(Beginning of SOURCE MATERIAL)

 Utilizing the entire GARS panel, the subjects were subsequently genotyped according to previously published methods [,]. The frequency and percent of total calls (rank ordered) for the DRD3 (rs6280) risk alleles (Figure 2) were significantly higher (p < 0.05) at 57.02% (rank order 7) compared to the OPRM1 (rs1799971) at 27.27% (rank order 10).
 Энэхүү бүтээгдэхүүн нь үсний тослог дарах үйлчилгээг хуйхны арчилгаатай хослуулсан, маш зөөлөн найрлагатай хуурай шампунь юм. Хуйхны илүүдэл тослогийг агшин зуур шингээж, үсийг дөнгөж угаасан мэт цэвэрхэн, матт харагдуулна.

(End of SOURCE MATERIAL)
(Beginning of SOURCE MATERIAL)

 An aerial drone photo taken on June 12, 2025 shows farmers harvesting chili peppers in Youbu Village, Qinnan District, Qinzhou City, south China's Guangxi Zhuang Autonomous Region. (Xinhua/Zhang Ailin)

(End of SOURCE MATERIAL)

#### EXERCISE INSTRUCTIONS:
Give back exactly the lines above starting at the line where "Utilizing the entire" appears and ending at the line where "Энэхүү бүтээгдэхүүн нь" appears, both included, with no other lines.

#### RESPONSE FOR THIS EXERCISE:
 Utilizing the entire GARS panel, the subjects were subsequently genotyped according to previously published methods [,]. The frequency and percent of total calls (rank ordered) for the DRD3 (rs6280) risk alleles (Figure 2) were significantly higher (p < 0.05) at 57.02% (rank order 7) compared to the OPRM1 (rs1799971) at 27.27% (rank order 10).
 Энэхүү бүтээгдэхүүн нь үсний тослог дарах үйлчилгээг хуйхны арчилгаатай хослуулсан, маш зөөлөн найрлагатай хуурай шампунь юм. Хуйхны илүүдэл тослогийг агшин зуур шингээж, үсийг дөнгөж угаасан мэт цэвэрхэн, матт харагдуулна.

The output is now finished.